Abstract:
We introduce a new framework called Machine Learning (ML) based Auroral Ionospheric
electrodynamics Model (ML‐AIM). ML‐AIM solves a current continuity equation by utilizing the ML model of
Field Aligned Currents of Kunduri et al. (2020, https://doi.org/10.1029/2020JA027908), the FAC‐derived
auroral conductance model of Robinson et al. (2020, https://doi.org/10.1029/2020JA028008), and the solar
irradiance conductance model of Moen and Brekke (1993, https://doi.org/10.1029/92gl02109). The ML‐AIM
inputs are 60‐min time histories of solar wind plasma, interplanetary magnetic fields (IMF), and geomagnetic
indices, and its outputs are ionospheric electric potential, electric fields, Pedersen/Hall currents, and Joule
Heating. We conduct two ML‐AIM simulations for a weak geomagnetic activity interval on 14 May 2013 and a
geomagnetic storm on 7–8 September 2017. ML‐AIM produces physically accurate ionospheric potential
patterns such as the two‐cell convection pattern and the enhancement of electric potentials during active times.
The cross polar cap potentials (ΦPC) from ML‐AIM, the Weimer (2005, https://doi.org/10.1029/2004ja010884)

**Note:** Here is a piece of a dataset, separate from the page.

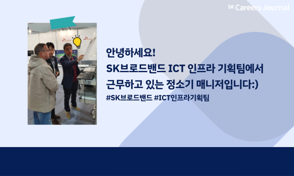 안녕하세요! SK브로드밴드 ICT 인프라 기획팀에서 근무하고 있는 정소기 매니저입니다. 저는 현재 저희 본부에서 진행 중인 R&D 관련 업무, 국가와의 협업을 통해 수행하는 과제 등을 총괄하는 업무를 맡고 있습니다.
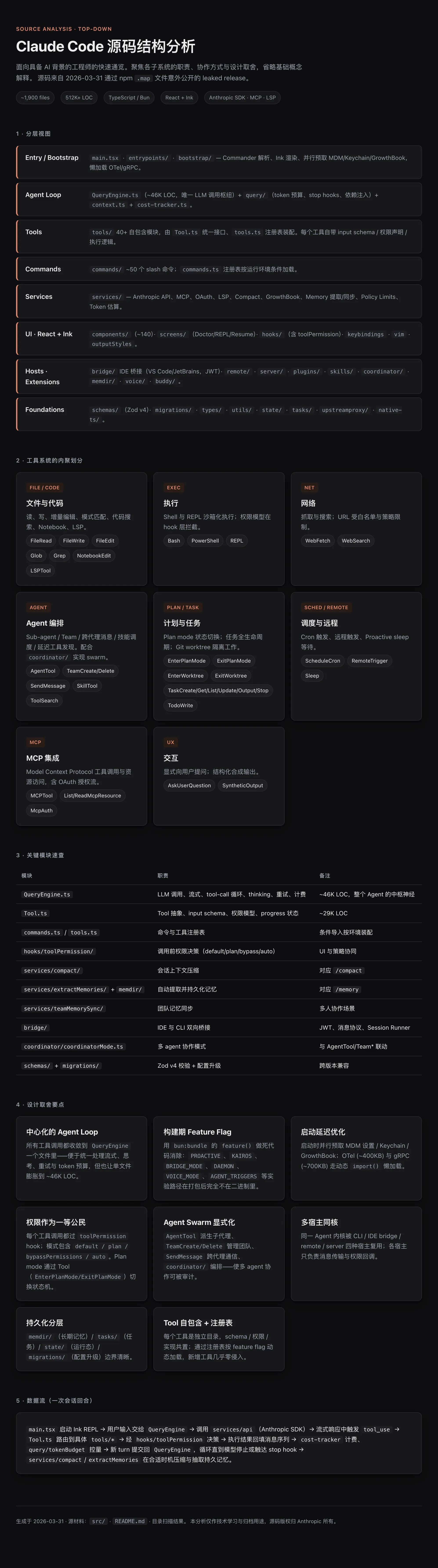 QueryEngine.ts(~46K 行)为唯一的 LLM 调用枢纽,所有工具调用、思考、流式、重试逻辑都汇聚于此。 - 工具即模块:

model, and the Super Dual Auroral Radar Network (SuperDARN) data‐assimilated potentials, are compared to
the ones from 3204 polar crossings of the Defense Meteorological Satellite Program F17 satellite, showing
better performance of ML‐AIM than others. ML‐AIM is unique and innovative because it predicts ionospheric
responses to the time‐varying solar wind and geomagnetic conditions, while the other traditional empirical
models like Weimer (2005, https://doi.org/10.1029/2004ja010884) designed to provide a quasi‐static
ionospheric condition under quasi‐steady solar wind/IMF conditions. Plans are underway to improve ML‐AIM
performance by including a fully ML network of models of aurora precipitation and ionospheric conductance,
targeting its characterization of geomagnetically active times.